/cv-job-matcher

IR-driven job matching based on your CV.

Primary LanguageJupyter Notebook

cv-job-matcher

IR-driven job matching based on your CV.

Setting up the environment

System-level dependencies the packages require:

  • pkg-config
  • poppler

Examples of how to install these dependencies on various platforms:

  • Ubuntu: sudo apt-get install pkg-config poppler-utils
  • Mac OS: brew install pkg-config poppler
  • Windows: This OS requires you to install the Microsoft Visual C++ build tools for the pdf-parsing package to work. You can download them from here by selecting "Desktop development with C++ workload". Then install pkg-config by downloading it from here, extracting the downloaded ZIP and copying the pkg-config.exe file to C:\Program Files (x86)\pkgconfig\bin (create the folder if it does not exist). Finally, add C:\Program Files (x86)\pkgconfig\bin to your PATH environment variable. You can run pkg-config --version to check that it is working. You then need to create a conda environment and run:
conda create -n recSys python==3.10
conda activate recSys
conda install -c conda-forge poppler

Python dependencies: To install the python dependencies, run the following command from the project root directory, ideally in a new envgironment:

pip install langchain html2text openai streamlit streamlit-lottie pdftotext altair faiss-cpu pandas pympler pyparsing pyyaml tqdm sentence_transformers

You need to provide a valid OpenAI key in a key.yaml file at the root of the project. It should have the following form:

openai_key: '<your key here>'

Starting the demo application

A web-based interface is bundled with the project. Everything is run from that web interface. To use it, after setting up the dependencies, execute the following command from the project root directory:

streamlit run app.py

The application will pop up in your default browser and using it should be straightforward: you can upload any CV in PDF format and the application will return a list of jobs that matches the CV, along with scores and improvement recommendations for the jobs dynamically. This works after the preprocessed data has been generated, if you do not have the preprocessed data, refer to the "Generating the preprocessed job data" section..

Generating the preprocessed job data

To limit the inference cost when a user performs a CV-matching requests, the web-application only uses pre-computed embeddings for the documents (job postings) and only embeds the query (CV or ideal job based on the CV) on the fly. Therefore, the first time you run the application, you will need to generate the preprocessed data locally.

The code comes with the pre-processed embedding (pre-processing code is also included): job_description_embedding/job_openings.json and job_description_embedding/job_openings_completed.json. The second file is the version of the first file where null fields of the job postings have been completed with GPT-3.5-turbo - we include the file to cut the costs as generating those is expensive.

The locally create the embedding based on those files, run:

python job_description_embedding/JobMatchingBaseline.py
python job_description_embedding/JobMatchinFineGrained.py

On windows the sibling folder imports sometimes work differently, development was done on unix-based systems.
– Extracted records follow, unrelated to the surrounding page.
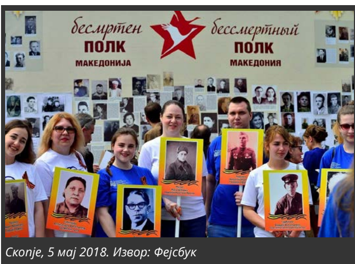
Скопје, 5 мај 2018.

Настанот „Бесмртен полк“ во 2018 година беше организиран на 5 мај во Скопје, каде беше поставен „Сидот на сеќавањето“, на којшто ветераните и заинтересираните граѓани можеа да поставуваат фотографии од нивните блиски кои биле дел од антифашистичкиот фронт. Руската амбасада во Скопје најави дека на 5 мај настанот „Бесмртен полк“ ќе се одржи во Скопје, додека пак во
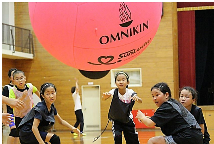
第5回しこちゅ〜 フォトコンテスト2018 大賞作品

当協会は、こうしたスポーツの力を主体的かつ健全に活用し、青少年の健全育成、地域における連帯感の醸成、医療費の削減、他市や他県との友好などを目標に、積極的に事業運営、施設管理を行い、施設を有効活用した事業等に取り組んでいきます。
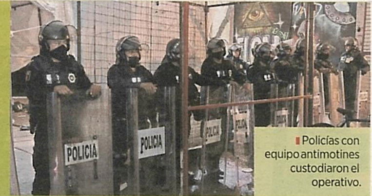
■ Policías con equipo antimotines custodiaron el operativo.

El dispositivo policial estuvo coordinado por la Secretaría de Seguridad Ciudadana y personal de la Fiscalía local. Además, hubo presen-
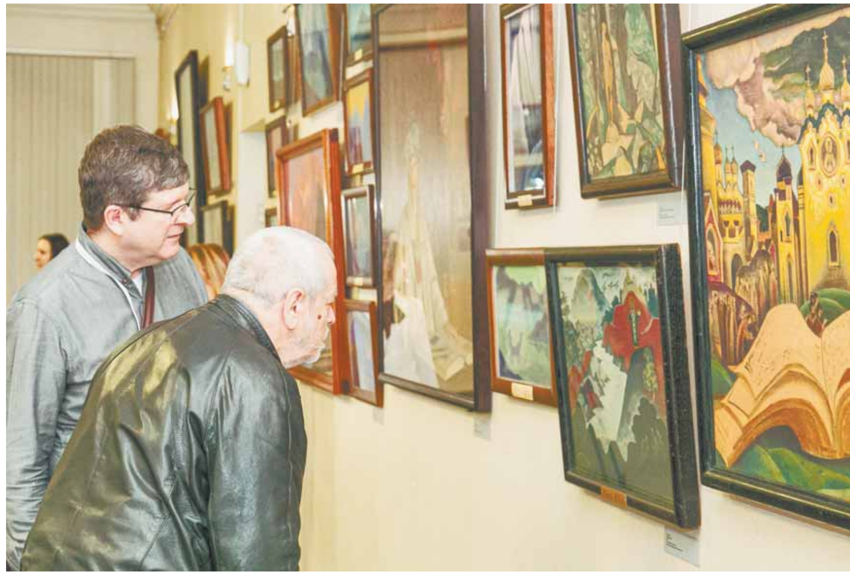
Уникальное наследие Николая и Святослава Рерихов из коллекции Музея Востока представлено впервые за Уралом.

Эта выставка значима еще и тем, что многие из представленных работ за пределами Москвы экспонируются впервые. Как считает директор Государственного музея Востока Александр Седов, несмотря на информационные таблички, эти картины не стоит анализировать умом, лучше всего их воспринимать с открытым сердцем. — «Ковчег будущего» — это часть большого выставочного проекта, который был подготовлен Музеем Востока и экспонировался на разных площадках Москвы, — пояснил Александр Всеволодович. — В Барнаул мы привезли 94 подлинных живописных полотна кисти Николая Рериха и его младшего сына Святослава. На двух этажах представлена не только пейзажная живопись, но и портреты, сюжетные работы. Они выставляются впервые за Уралом. Мировая премьера В этот же день на сцене Краевой филармонии состоялась мировая премьера концертной программы «Музыка русского мира», приуроченная к 150-летию Николая Рериха. По словам директора ГФЭК Елены Надточий, в ней музыканты попытались постараться на творчество Рериха через исторические события, их ретроспективу, а также через полотна художника и его философские постулаты. — В первой части программы рассказывается о Рерихе как о сценаристе и декораторе, — объяснила Елена

If you get an import error for the second python command, please move the python file to the project root and run it there, then put it back in the job_description_embedding folder.

This results in a job_description_embedding/embeddings folder containing saved_embeddings.pkl and fine_graind/....

To re-generate the job posting null completions with GPT-3.5-turbo (expensive): run Job_description_embeddings.ipynb to parse jobs and the body parsing. If job_openings_completed.json exists or REPARSE_JOBS in notebook is true the notebook will use gpt-3.5-turbo to parse the body of the jobs into appropriate fields. If an error occurs during parsing a specific job the fields will stay null and the job will additionally be written to the job_openings_full_failed_{batch}.json. You can find the batch files in job_openings and the consolidated jobs in job_openings_completed.json.